Title: Ramayana: The Game of Life – Book 2 (Shattered Dreams)
Author: Shubha Vilas
Publisher: Jaico Publishing House
While the Book 1 portrays the story of Rama’s birth and his rise as a virtuous man with high morals and philosophy that holds its relevance from the start to the end of the civilization, Shattered Dreams takes the tale of Ramayana forward to Rama’s exile.
As it would’ve happened millions and trillion years ago, Keikei en-cashes her two boons – exile to Rama and throne to Bharata – at the cost of Dasaratha’s death. Rama leaves for forest leaving all luxuries of a prince.
Laxamana, the dutiful brother, and Sita, the devoted wife, accompany him to the exile. Bharata returns and learns the course of events which heartbreak him. He curses the Keikei, apologizes to Kaushalaya, refuses the crown and decides to bring back Rama and hand him over the throne.
He in the company of Gurus, Matas and Praja reaches Rama’s abode in Chitrakoot and tries every trick and technique to convince Rama to come back but Rama who know the real purpose of his exile turns down his request. Unable to convince the Rama, Bharata vows to live like a hermit in Ayodhaya and install Rama’s padukas (Sandals and footwear as they call it in the book) on the throne.
Book 2 ends at Rama being ready to teach Raakshasas (evil spirits) a lesson, who are giving a real hard time to sages in the forest.
You must be thinking that I have revealed the story but it is something that must have been known to you now, thanks to numerous books, animation movies and TV serials that have been made on this epic.
But that doesn’t give you a reason to miss this book. In fact it is the reason you must read this. It’s a very good translation of one of the greatest epic, Ramayana, which is based on chronicles of Rama, the seventh avatar of Vishnu, who is also referred to as Maryada Purushottam meaning the Perfect Man or Lord of Self-Control or Lord of Virtue.
As far as I am concerned, I remember reading Ramayana in sixth class (Sankshipta Ramanyana) as a part of the curriculum and as I can recall it had mesmerized me completely. And I am glad to say that Shattered Dreams has mesmerized me no less.
Though there is nothing new in the story (for the good), the way it has been narrated takes me by surprise as it has beautifully captured the essence and expression of this great epic.
There are several translations of Ramayana available in the market.
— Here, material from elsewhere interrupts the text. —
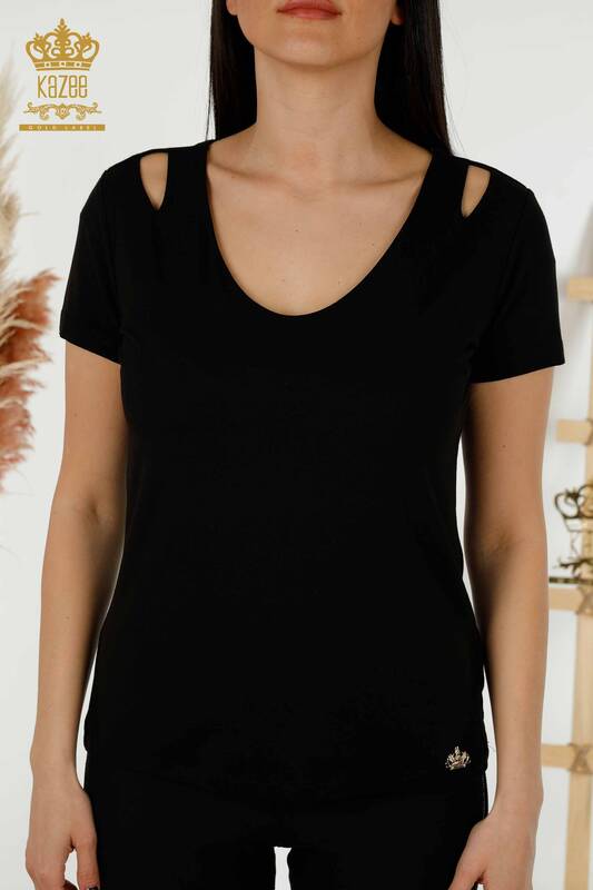 Bluză cu ridicata pentru femei, cu umăr, cu logo-ul de bază, mânecă scurtă, negru - 79220 | KAZEE

Though I haven’t read any of these but I must say Shubha Vilas’ version is a winning attempt as he hasn’t experimented much. He’s just kept it simple, picking the simple but sateek words using some good prose.
While reading it, I hated the Keikei as much I did as a sixth class student. The Bharata’s love and devotion Rama overwhelmed me as much it did long ago. Overall I loved it and if you are someone whom Indian mythology excites, you would love it too.